Thanks for the advice - did you contact any estate agents yet? I contacted one few weeks ap but believe it was a bit early. Let me know if there are some with whom you have been in touch with as I have been told to be careful with some.


----------



## Elmpark (Feb 16, 2012)

No we are staying in a hotel apartment until mid October so the earliest I would look to sign up would be the start of October so plan to look throughout September. My husband's company hire a company to do a lot for us when we move, they seem to sub-contact accomodation to another business so they will take me around houses deal with leases etc on our behalf...we just have to pay the rent! I just want to make sure I either achieve the same standard of living as we have here, or better.

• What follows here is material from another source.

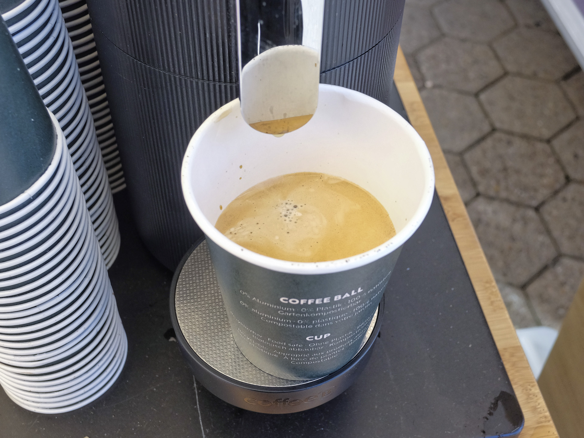 Ein Coffee Ball nach dem Brühvorgang, er ist kompostierbar.

Don't want to be disappointed about our move! Will let you know once we have had a good look about!


----------



## Noa123 (Apr 6, 2012)

Elmpark said:


> No we are staying in a hotel apartment until mid October so the earliest I would look to sign up would be the start of October so plan to look throughout September. My husband's company hire a company to do a lot for us when we move, they seem to sub-contact accomodation to another business so they will take me around houses deal with leases etc on our behalf...we just have to pay the rent! I just want to make sure I either achieve the same standard of living as we have here, or better. Don't want to be disappointed about our move! Will let you know once we have had a good look about!


Thats great - Thanks!!


----------



## Noa123 (Apr 6, 2012)

Noa123 said:


> Thats great - Thanks!!


Hello Elmpark - got confirmation from Royal Dubai School this morning for a place. How are things progressing at your end?


----------